§ Source material
━━━━━━━━━━━━━━━━━━━━━━━━━━━━━━

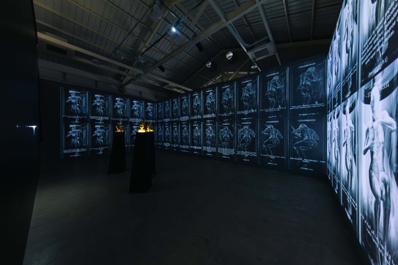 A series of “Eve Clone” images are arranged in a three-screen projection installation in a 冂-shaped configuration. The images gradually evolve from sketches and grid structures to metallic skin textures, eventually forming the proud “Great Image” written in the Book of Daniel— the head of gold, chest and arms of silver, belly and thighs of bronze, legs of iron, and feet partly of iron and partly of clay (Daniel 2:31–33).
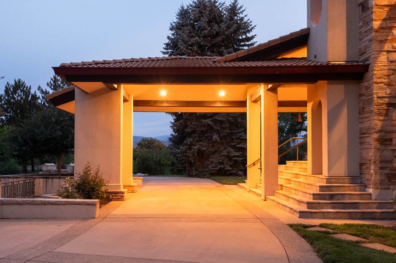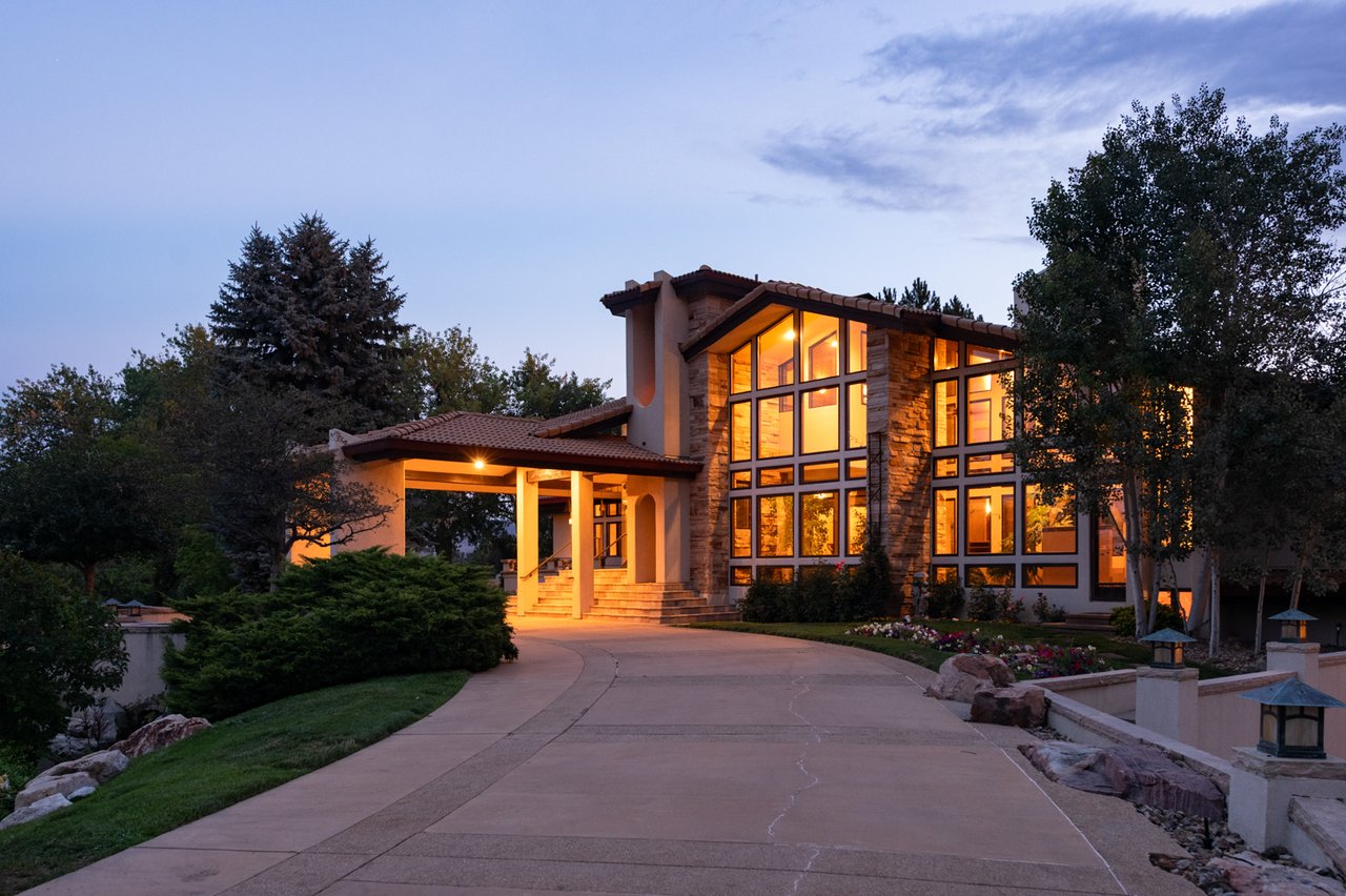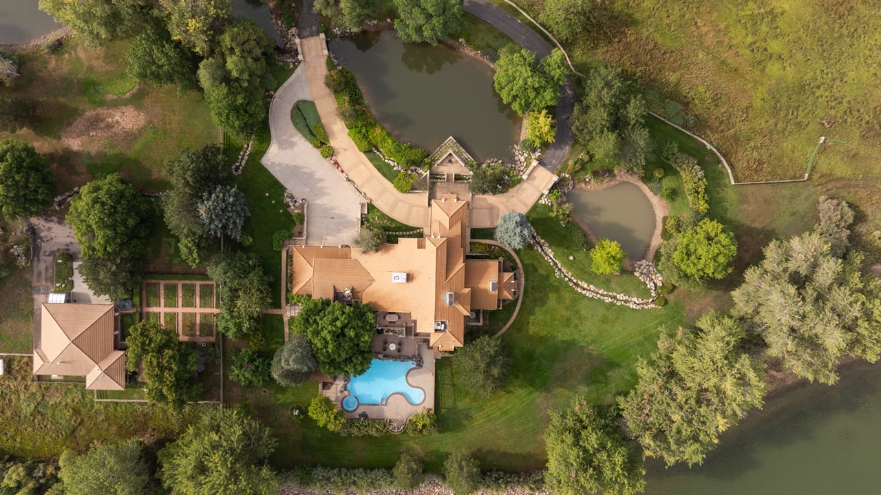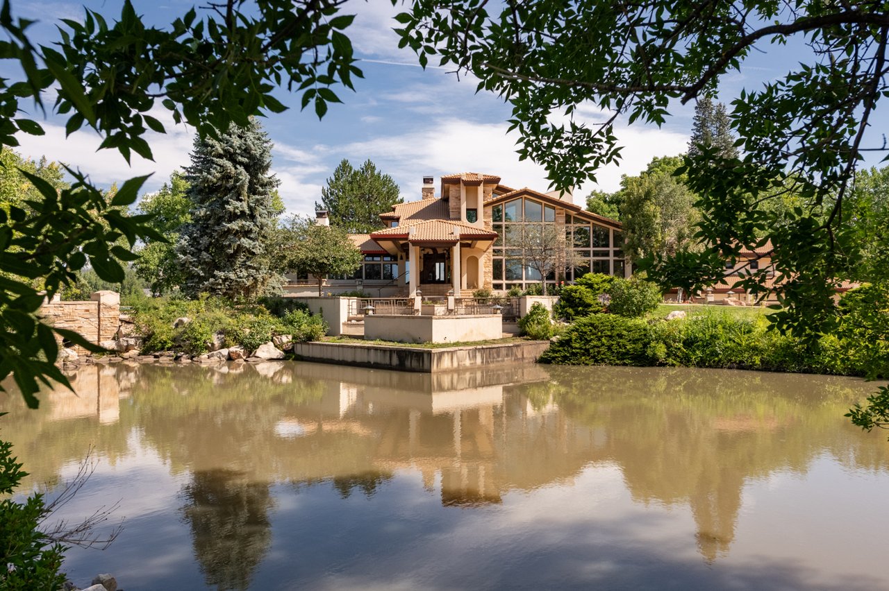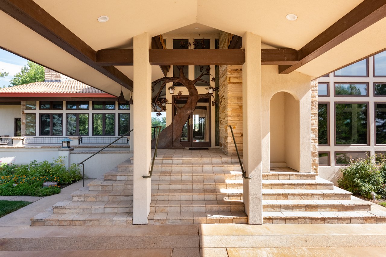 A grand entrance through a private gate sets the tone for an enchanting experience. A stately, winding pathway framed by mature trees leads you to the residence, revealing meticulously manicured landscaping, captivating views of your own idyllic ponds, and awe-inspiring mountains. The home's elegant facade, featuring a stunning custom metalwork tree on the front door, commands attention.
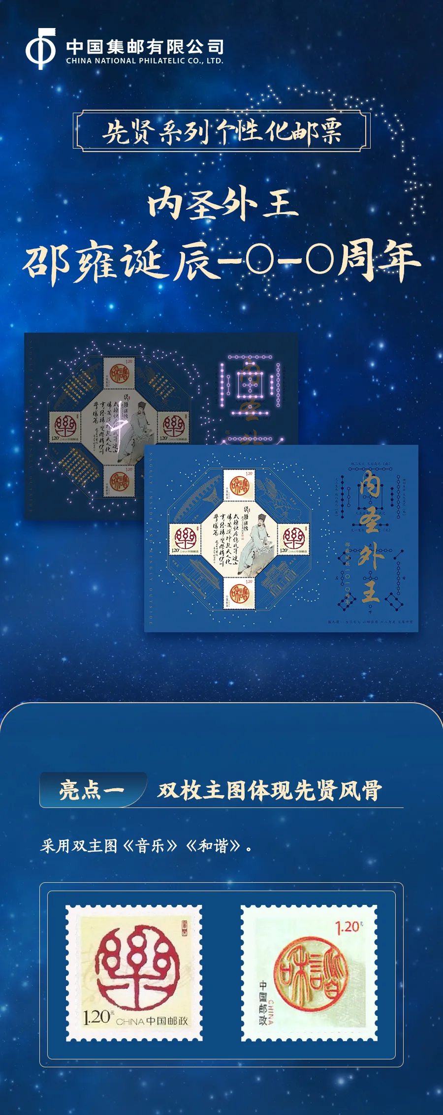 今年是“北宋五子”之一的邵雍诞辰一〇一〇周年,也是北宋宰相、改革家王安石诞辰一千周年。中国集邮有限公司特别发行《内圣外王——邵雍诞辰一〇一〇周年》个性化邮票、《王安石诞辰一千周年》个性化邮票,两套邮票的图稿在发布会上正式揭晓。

━━━━━━━━━━━━━━━━━━━━━━━━━━━━━━

§ How to complete this task
Repeat the data word for word. Skip the pictures.

§ Solution below
 A series of “Eve Clone” images are arranged in a three-screen projection installation in a 冂-shaped configuration. The images gradually evolve from sketches and grid structures to metallic skin textures, eventually forming the proud “Great Image” written in the Book of Daniel— the head of gold, chest and arms of silver, belly and thighs of bronze, legs of iron, and feet partly of iron and partly of clay (Daniel 2:31–33).
 A grand entrance through a private gate sets the tone for an enchanting experience. A stately, winding pathway framed by mature trees leads you to the residence, revealing meticulously manicured landscaping, captivating views of your own idyllic ponds, and awe-inspiring mountains. The home's elegant facade, featuring a stunning custom metalwork tree on the front door, commands attention.
 今年是“北宋五子”之一的邵雍诞辰一〇一〇周年,也是北宋宰相、改革家王安石诞辰一千周年。中国集邮有限公司特别发行《内圣外王——邵雍诞辰一〇一〇周年》个性化邮票、《王安石诞辰一千周年》个性化邮票,两套邮票的图稿在发布会上正式揭晓。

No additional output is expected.